The best performing estimator is now evaluated on the test set and its predictions are shown alongside the generating data.

[8]:
# Get the best estimator
best_estimator = grid_search.best_estimator_

# Score the best estimator on the test set
test_score = best_estimator.score(x_test.reshape(-1, 1), y_test)
print(f"Test Score: {test_score}")

# Make predictions on the test set
y_pred = best_estimator.predict(x_test.reshape(-1, 1))

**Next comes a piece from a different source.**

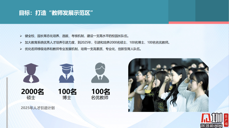 在人才隊伍方面,實施“領(lǐng)鷹工程”,建設(shè)一支高水平的校園長隊伍。優(yōu)化名師梯級培養(yǎng)和教師專業(yè)發(fā)展機制,培育一支高素質(zhì)、專業(yè)化、創(chuàng)新型育人隊伍。到2025年,羅湖將引進(jìn)和培養(yǎng)2000名碩士、100名博士、100名名優(yōu)教師,建立教科研博士工作站。
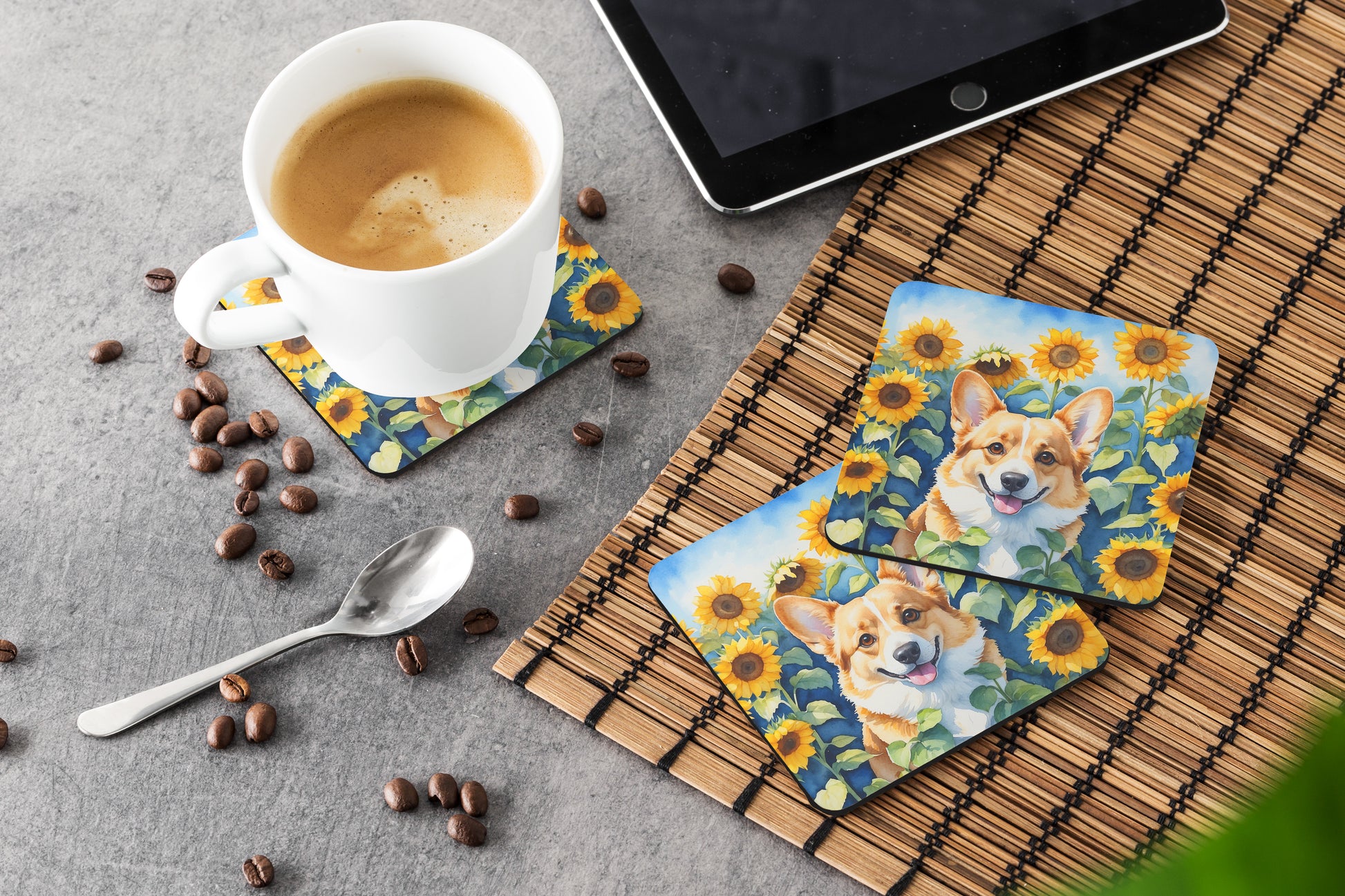 Foam Coasters featuring breed specific Corgi artwork. Presenting our Set of 4 Foam Coasters, a stylish and practical addition to your table setting. Each square coaster, measuring 3 1/2 inches by 3 1/2 inches, is perfectly sized to accommodate various drinkware, from coffee mugs to tumblers. These coasters stand out with their full-color artwork, permanently dyed onto the material for a vibrant and fade-resistant finish. They're not just functional, they're a fashionable statement, adding a touch of flair to any gathering or event. Our foam coasters serve a dual purpose - they protect your table from water stains and are perfect for both hot and cold drinks. The material used is similar to that of our high-quality mouse pads, ensuring durability and heat resistance. These coasters are easy to maintain - simply wash them in the top of your dishwasher and lay flat to dry. The design won't come off, ensuring they retain their vivid colors for years. Pair them with one of our insulated coolers or huggers for a cohesive, thoughtful gift set. Enhance your beverage experience with our Set of 4 Foam Coasters.

# Plot the predictions and ground truth
plt.figure(figsize=(10, 5))
plt.plot(x, y, label="Ground Truth")
plt.scatter(x_test, y_pred, c="red", label="Predictions")
plt.xlabel("X")
plt.ylabel("Y")
plt.title("Predictions vs Ground Truth")
plt.legend()
plt.show()
Test Score: 0.999999978217105
../_images/examples_example_kernel_grid_search_16_1.png

Note that in the above evaluation, the QSVR did not perform quite as good as the QGPR. The QSVR is, as its classical counterpart, sensitive to additional hyperparameters which have not been varied during the grid search. We now include the classical regularization parameter C and the slack variable epsilon as additional parameters in the search. This also demonstrates that parameters of the quantum kernel and parameters of the classical algorithm can be treated equally during the search.

[9]:
QSVR(quantum_kernel=fidelity_kernel)

estimator_params = encoding_circuit_params.copy()
estimator_params["estimator"] = [QSVR(quantum_kernel=fidelity_kernel)]
estimator_params["estimator__C"] = [1e0, 1e1, 1e2]
estimator_params["estimator__epsilon"] = [1e-4, 1e-3, 1e-2]
param_grid = estimator_params

grid_search = GridSearchCV(pipeline, param_grid, scoring="neg_mean_squared_error")
grid_search.fit(x_train.reshape(-1, 1), y_train)

print(f"Best Score: {grid_search.best_score_}")
print(f"Best Estimator: {grid_search.best_estimator_}")
Best Score: -3.020475311434476e-05
Best Estimator: Pipeline(steps=[('scaler', StandardScaler()),
                ('estimator',
                 QSVR(C=100.0, cache_size=200, epsilon=0.0001, max_iter=-1,
                      quantum_kernel=<squlearn.kernel.matrix.fidelity_kernel.FidelityKernel object at 0x0000016F9C622EC0>,
                      shrinking=True, tol=0.001, verbose=False))])

With these more adequate classical hyperparameters, the QSVR performs similarly to the QGPR.